I use both synths and technically they are on one level. And the sound of both is very different but in both cases gorgeous.
Unfortunately Falcon comes from french developers and their taste is just quite different from what you are used from other synths. So most of the presets seem experimental or a bit strange in one or the other way. You will have much more difficulties to integrate Falcons preset sounds into your average music than those of omni which are really inspiring.
Second "unfortunately" for me is the fascination of the french developers for the classic electronica of the 70ies to 90ies. Somehow a "natural acoustic" sound seems to be quite boring for them. My third main synth is "The Dark Zebra HZ Edition" but although it is also a synth with a lot of synthetic presets there are some soundsets which show , how organic and smooth Zebra can sound. When stepping through the presets of falcon "organic" and "smooth" will not be the first terms that come to mind, at least for me. (Though that depends on what you relate with these terms)
Since its appearance on the market I wished for some sound designers from other countries than France to show the whole potential of Falcon.
If you dig in deep yourself though, you will find everything you need...and much more nice surprises. Because its potential is really really really deeep


----------



## rvb (May 18, 2017)

Sid Francis said:


> I use both synths and technically they are on one level. And the sound of both is very different but in both cases gorgeous.
> Unfortunately Falcon comes from french developers and their taste is just quite different from what you are used from other synths. So most of the presets seem experimental or a bit strange in one or the other way. You will have much more difficulties to integrate Falcons preset sounds into your average music than those of omni which are really inspiring.
> Second "unfortunately" for me is the fascination of the french developers for the classic electronica of the 70ies to 90ies. Somehow a "natural acoustic" sound seems to be quite boring for them. My third main synth is "The Dark Zebra HZ Edition" but although it is also a synth with a lot of synthetic presets there are some soundsets which show , how organic and smooth Zebra can sound. When stepping through the presets of falcon "organic" and "smooth" will not be the first terms that come to mind, at least for me. (Though that depends on what you relate with these terms)
> Since its appearance on the market I wished for some sound designers from other countries than France to show the whole potential of Falcon.
> If you dig in deep yourself though, you will find everything you need...and much more nice surprises. Because its potential is really really really deeep


Thanks for that super helpful reply Sid! After going through some youtube videos it doesn't seem like the 'sound quality' has that extra special flavoury 'Diva' type sound (whatever I personally believe that means haha) though.. But that could honestly be a rushed interpretation.


----------



## waltercruz (May 18, 2017)

Sid Francis answers resumes pretty much about Falcon.
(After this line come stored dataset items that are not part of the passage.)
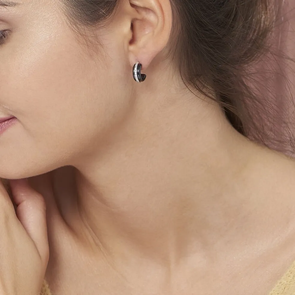 Demi Creoles Ceramik Design Argent Blanc 925/1000 Et Ceramique Noire Pavage Oxydes De Zirconium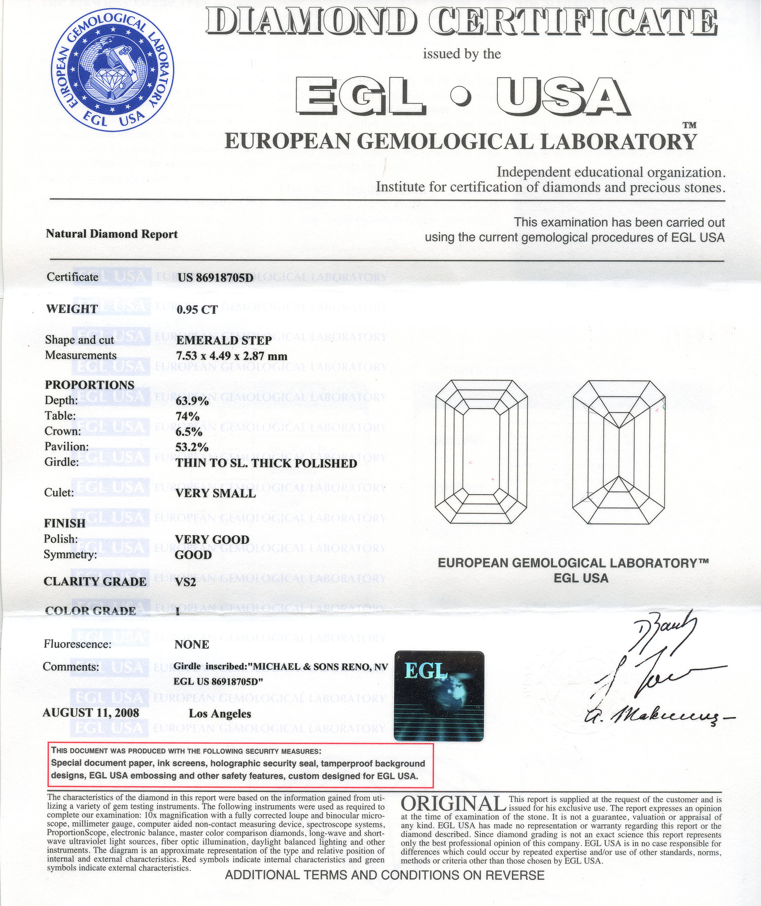 Loose EGL Certified 0.95ct Emerald Cut Diamond I/VS2. EGL cert # 86918705D is included in the sale.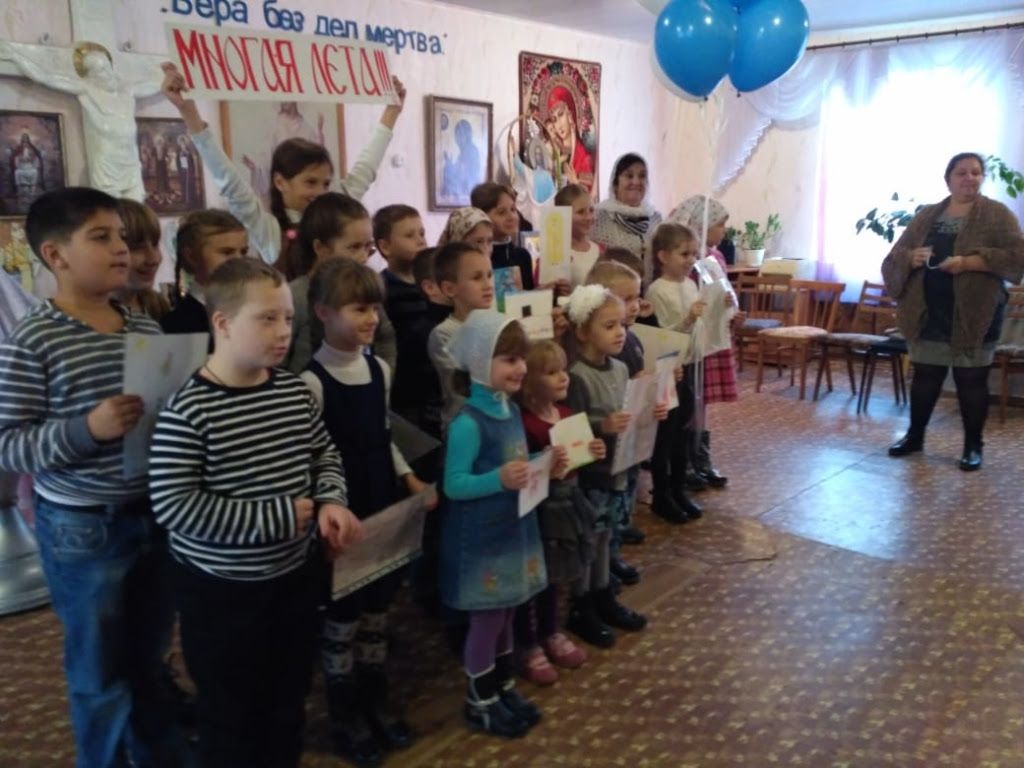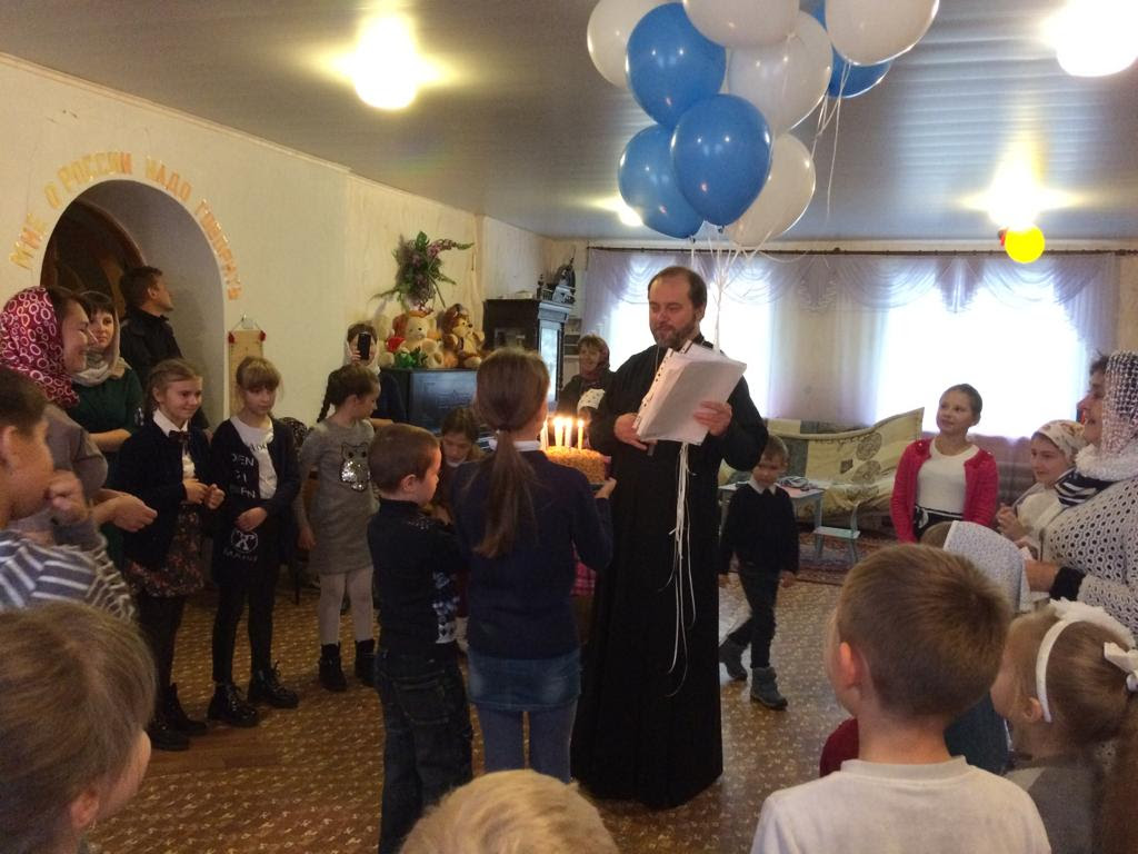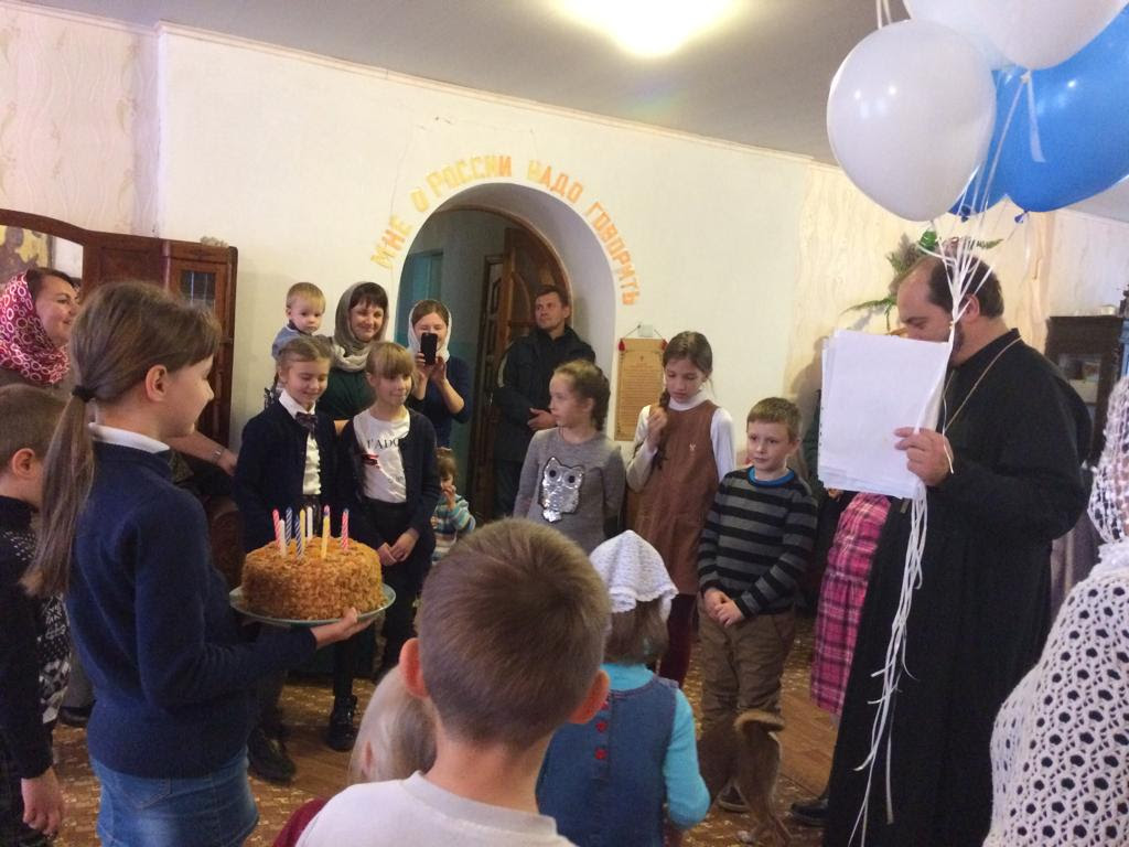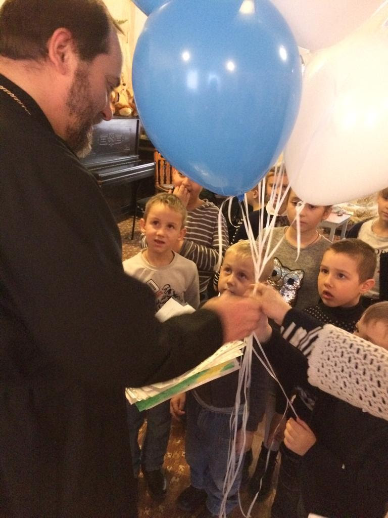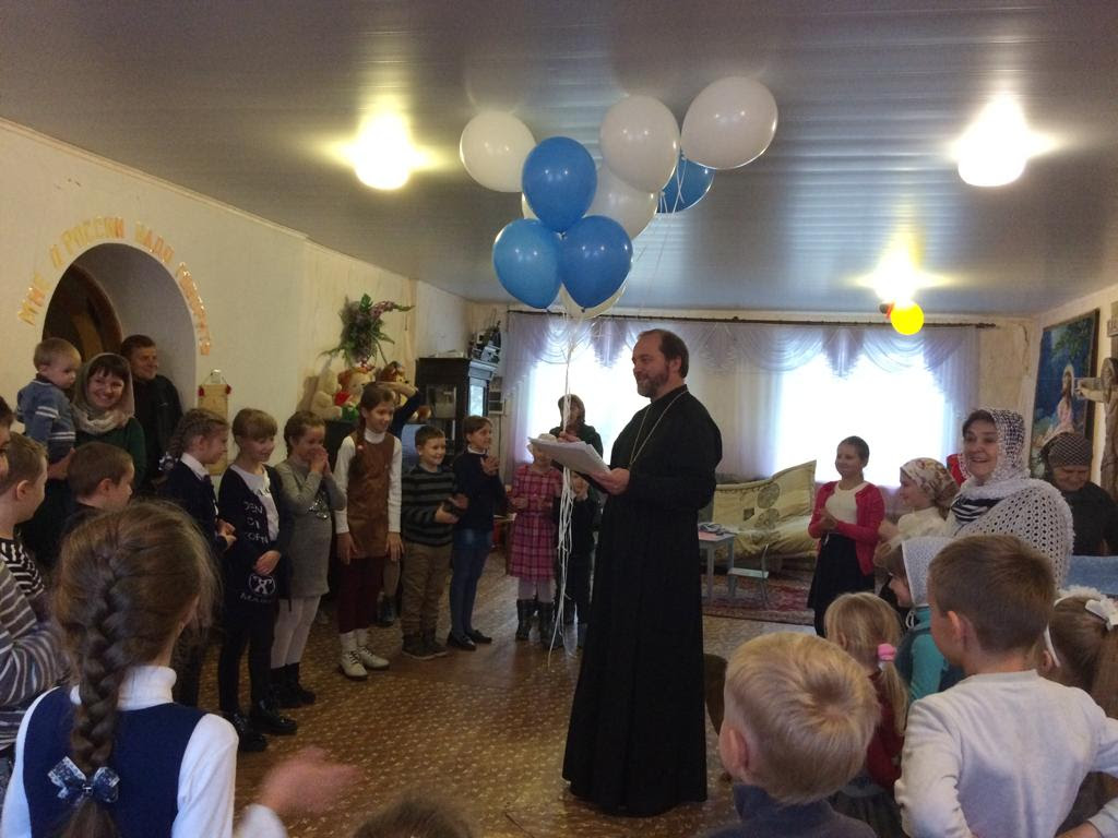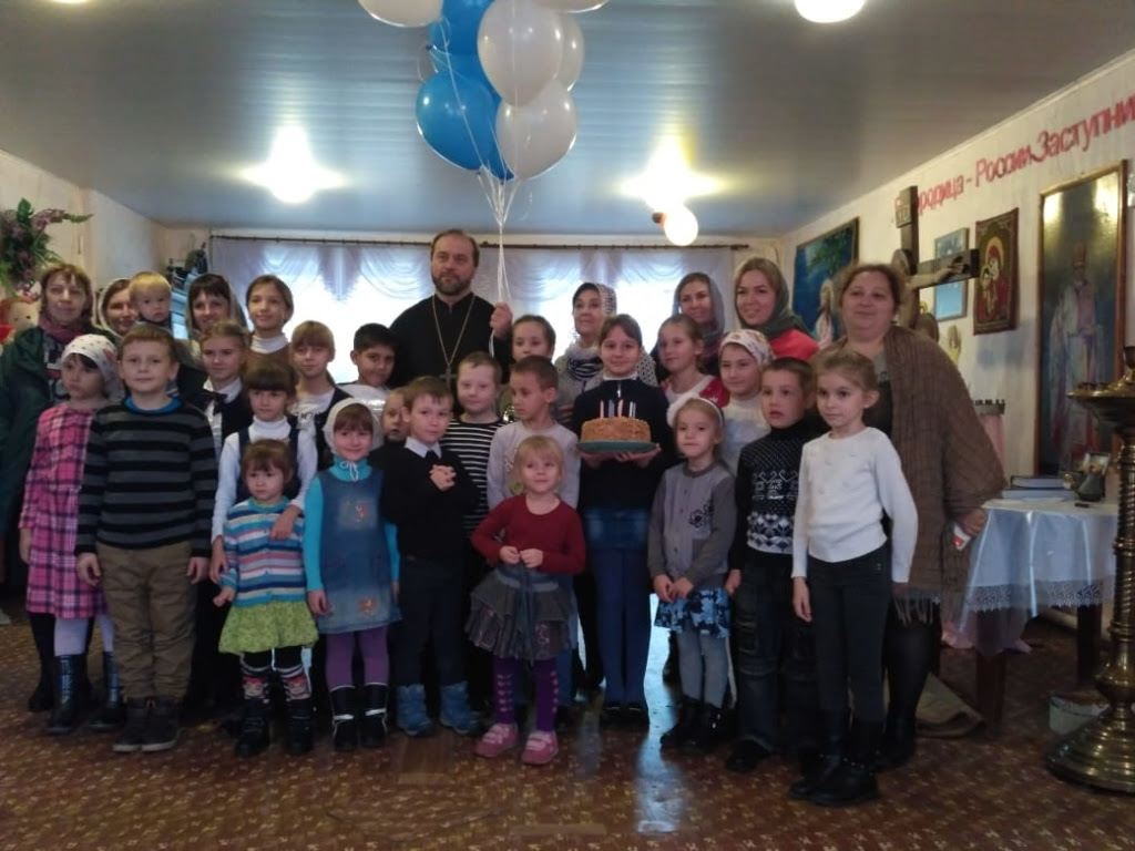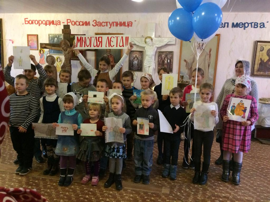 Неподдельной радостью светились глаза юных прихожан, когда читали стихи-поздравления батюшке, дарили рисунки, пели хороводную песню, преподнесли именинный пирог и букет из воздушных шаров.

It's awesome and very capable, but their content, not that much.

At first, I thought that the interface would be a mess to work with it, but don't. It's pretty logical and clear, although it has a lot of options.

It certainly deserves good soundbanks from 3rd part developers.


----------



## waltercruz (May 18, 2017)

rvb said:


> After going through some youtube videos it doesn't seem like the 'sound quality' has that extra special flavoury 'Diva' type sound



Yes, it's not a synth very well suited for analogic sounds. It's very digital to me, in a good way.


----------



## Saxer (May 18, 2017)

Falcon has a deep and great organized architecture. Actually it was licensed by Motu and they sold the previous version as Motu Mach Five 3. Meanwhile UVI sells it on their own as Falcon. It a combination of sampler and modular synths and effects engine. It's a bit cumbersome to start with but (for my taste) better structured than Kontakt. I would compare it more with Kontakt than with Omnisphere. It's an open sampler (you can sample your own stuff including scripting and building GUIs for libraries) and has a free synth structure with lot's of modules.
Pro (compared to Kontakt): modular approach, modern GUI
Con (compared to Kontakt): less third party libraries, smaller content that comes with the plugin, UVI libraries too expensive
I think Falcon could be the new Kontakt (or at least a serious competition). Virharmonic violin & cello, AcousticSamples guitars and B5 organ are outstanding instruments for Falcon. Maybe they should make it more interesting to developers and customers.


----------



## SBK (May 18, 2017)

Owner of Falcon here. If you like digging deep, I think this one is as deep as it gets. Like Saxer said, its not just a synthesizer, its a sampler, scripting, FM synthesis, granular synthesis, its the best synth I think. It even has wavetabl morphing synthesis


----------



## EvilDragon (May 18, 2017)

Sid Francis said:


> Unfortunately Falcon comes from french developers and their taste is just quite different from what you are used from other synths.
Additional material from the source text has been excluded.